New participants also stay away from email after trying the format. Zestworld, a digital comics platform, Initially similar to itself On Substack, email storyboards from signed creators to exclusive deals. But when user growth stalled a quarter after the start of the service, Zestworld realized that email wasn’t a natural environment for entertaining content and switched to posting on its website. Since then, Chris Gilberty, CEO of Zestworld, said growth has bounced back.
“It’s really hard to control the user experience over email,” Gillibert said. “You can’t do a lot of rich and interactive things.”
This does not mean that the newsletters will be out any time soon. Some companies have found success with the format.
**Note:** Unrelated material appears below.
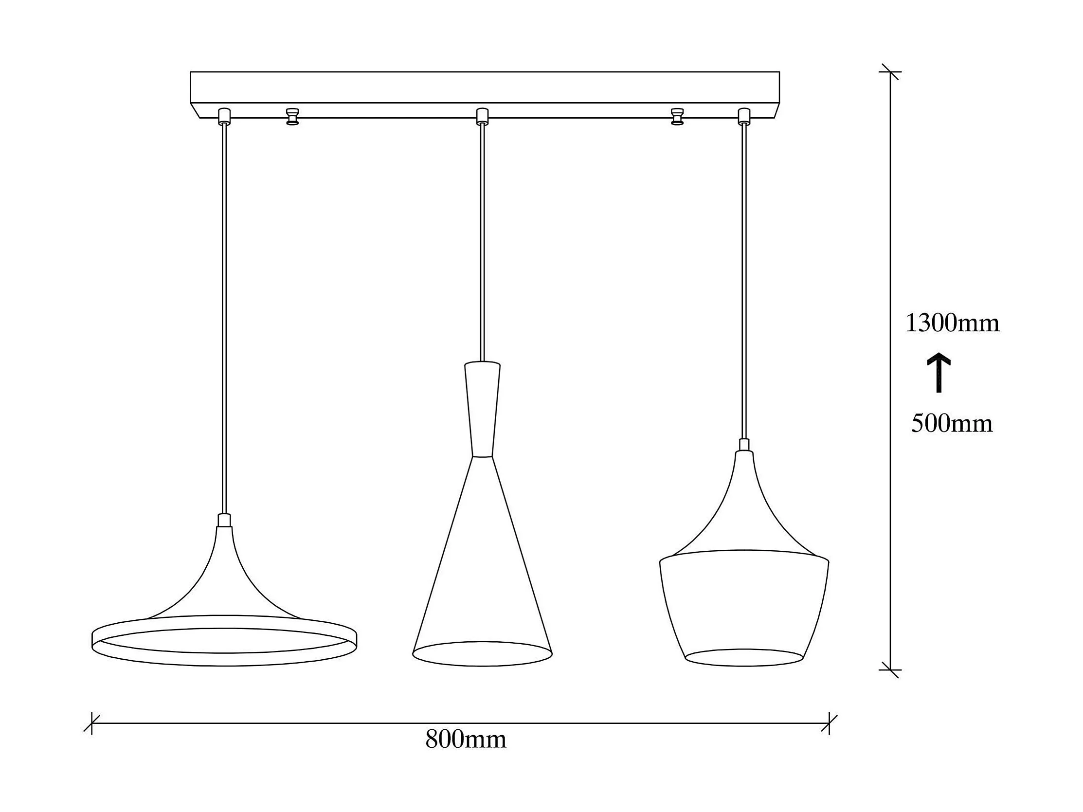 Suspension îlot cuisine – 3 lampes noir et or SILE

Puck, a newsletter media company with close to 20,000 paid subscribers, recently held talks with potential investors with the goal of raising about $15 million with a valuation of at least $75 million, two people who requested anonymity to discuss the secret conversations said.
Puck co-founder John Kelly said subscription newsletters were part of a new publishing paradigm, and compared them to magazines in their heyday.
“If you look at the history of the magazine industry, it was a business with a total addressable market in the tens of billions of dollars focused on creative affinity-based products that people signed up for because they absolutely loved it,” he said.
Mr. Kelly said Puck’s paid subscriptions grew at an average of 20 per cent per month, but declined to comment on any money-raising talks, the company’s profits or its goals.
Mailgun, the email delivery service used by Substack and Ghost, said the online publishing industry has more than quadrupled its sending volume in the past two years. A company spokesperson said The New York Times continues to add its offerings to its newsletters to subscribers, including one written by restaurant critic Pete Wells that began this week and another written by opinion columnist Ross Douthat is coming soon.
Many writers continue to benefit from the rush of enthusiasm around newsletters. Emily Nunn, a food writer who has worked for The New Yorker and The Chicago Tribune, writes a twice-weekly newsletter focusing on the salad that made more than $20,000 in March 2021, a month after it began charging subscribers. Signups have steadily increased since then, Ms. Noun said in her newsletter, oath of powerShe made more money than any of her previous jobs in journalism.
“The salary you get in the papers rarely jumps,” said Ms. Nunn, who took an advance from Substack. “You can win a Pulitzer, and they don’t say, ‘That’s a big part of the change. Thank you for being yourself.'”
Axios co-founder Jim VandeHei said his company’s newsletter engagement has been higher than ever, especially among influential readers.
“But I’m sure the market for bad newsletters that few people read has collapsed,” said Mr VandeHei. “It’s not the height of newsletters – it’s the end of weak newsletters.”
“Web maven. Infuriatingly humble beer geek. Bacon fanatic. Typical creator. Music expert.”